UC Berkeley

G protein-coupled receptors (GPCRs) are an extremely important class of membrane receptors that convert extracellular stimuli into intracellular signals through interaction with G proteins. These receptors are intimately involved in most physiological processes and for this reason are the largest drug targets in biology. In the nervous system a wide range of GPCRs function in nearly all subcellular locations, including the synapse, where they modulate cellular excitability, neurotransmission, synaptic plasticity, and behavior. An ultimate goal for the understanding of GPCR neurophysiology is to reconstruct a functional map of when and where GPCRs are activated and how this activation affects larger scale network outputs like behavior. However, due to the limitations of classical techniques, such as pharmacology and transgenic approaches, it has been difficult to decipher the role of individual GPCRs in specific cell types with temporal precision.

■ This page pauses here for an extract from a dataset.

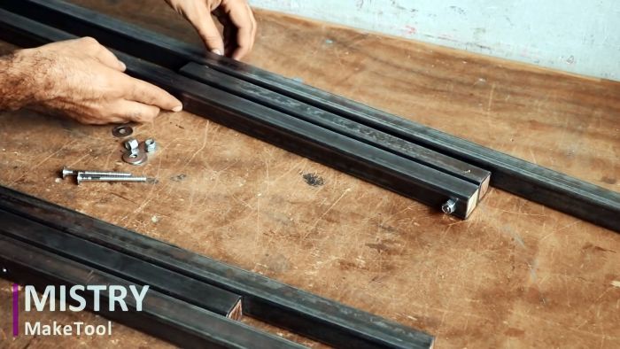 Скрепляем заготовки из квадратных труб болтами со скругленными головками, шайбами и гайками. К длинным заготовкам по центру прикручиваем короткие, а к ним – средние по длине.

In order to gain a foothold toward understanding the contribution of different GPCRs in physiological functions, I developed a means of optically controlling individual GPCRs. This work focused on the metabotropic glutamate receptors (mGluRs) which are crucial neuronal GPCRs that respond to the major excitatory neurotransmitter, glutamate. There are eight different subtypes of mGluRs that have unique, but overlapping expression profiles and distinct G protein coupling and regulatory properties. Since pharmacological agents often can't distinguish between subtypes, can only be poorly targeted spatially, and are slow to apply and remove, we used a chemical optogenetic approach to individually agonize or antagonize mGluRs with light. This approach was based on a previous body of work from the Isacoff lab and is the basis of chapters 2 and 3. I show the molecular engineering and characterization of these tools, their initial characterization as tools for optical control of neuronal activatity, and validate their in vivo function in zebrafish and mice. Light-activated mGluRs, or "LimGluRs", are both a useful tool that are applicable in many contexts, but also an important test case that should serve as a model for the development of optical control over other GPCRs.

Structurally, GPCRs share a common 7 transmembrane domain structure but show divergence in extracellular N-terminal domains and intracellular C-terminal domains. Recent breakthroughs in X-ray crystallography have led to a greater structural understanding of how GPCRs bind ligands, activate, interact with G proteins, and oligomerize. However, functional experiments, which are required to gain a more complete understanding, have been hampered by the lack of high resolution techniques to probe these same processes. mGluRs are particulary interesting in this biophysical context because of their dimeric arrangement and large extracellular ligand binding domains (LBDs) that indirectly couple glutamate binding to G protein activation. In chapters 4 and 5, I use a combination of optical techniques including LimGluRs to measure oligomerization, structural dynamics, and function of mGluRs. While Fӧrster resonance energy transfer (FRET) is an established technique for probing of protein structure, it has recently been greatly enhanced in power by its application at the single molecule level. Single molecule FRET (smFRET) allows for individual receptors to be measured which allows for the observation of distinct states and their transitions, without the obscuring effects of averaging. Using intersubunit smFRET experiments on the extracellular ligand binding domains of mGluRs I found that these receptors visit three distinct conformations that have dynamics which determine receptor activation properties. Using another single molecule fluorescence technique based on counting fluorophore bleaching steps, I was able to show that mGluRs form homo- and heterodimers in living cell membranes. Furthermore, using a variety of perturbations I found that mGluRs have a covalent and non-covalent dimer interface within their LBDs that is complemented by a weak interface at the trans-membrane domains. Using LimGluRs, which allow for individual subunits within a dimer to be liganded, I demonstrate cooperativity that is dependent on receptor subtype and dynamics. All of these studies have given insight into the molecular biophysics of mGluRs and should serve as the basis for future studies on other GPCRs.

A final goal of the study of GPCRs is to understand the responses of their downstream signaling targets, including ion channels. One ion channel subfamily of particular interest for this objective are the K2P potassium channels which classically function as leak channels to maintain cellular resting potential. K2P channels have been shown to be highly regulated by different extracellular and intracellular signals, including GPCR activation. Despite the extreme regulation of these channels by a variety of signals, it has been difficult to determine which forms of regulation happen endogenously on individual channel subtypes. This is especially complicated by the fact that there is very limited pharmacology to individually block K2P channels. To overcome this, I developed, using a similar design to LimGluRs, a means of optically blocking the K2P channel, TREK1. Using a conditional expression system, native TREK1 channels were manipulated in hippocampal neurons where it was shown that they are non-canonical targets of GABAB receptor activation. This work is reported in Chapter 6 and provides the basis for future understanding of the physiological contribution of individual K2P channels. Finally, in Chapter 7 using a variety of approaches I show that TREK channels are specifically regulated by the enzyme phospholipase D through direct interaction. Using the photoswitchable conditional subunit system, this regulation was shown to occur in hippocampal neurons where it may explain some of the long term effects of alcohol exposure.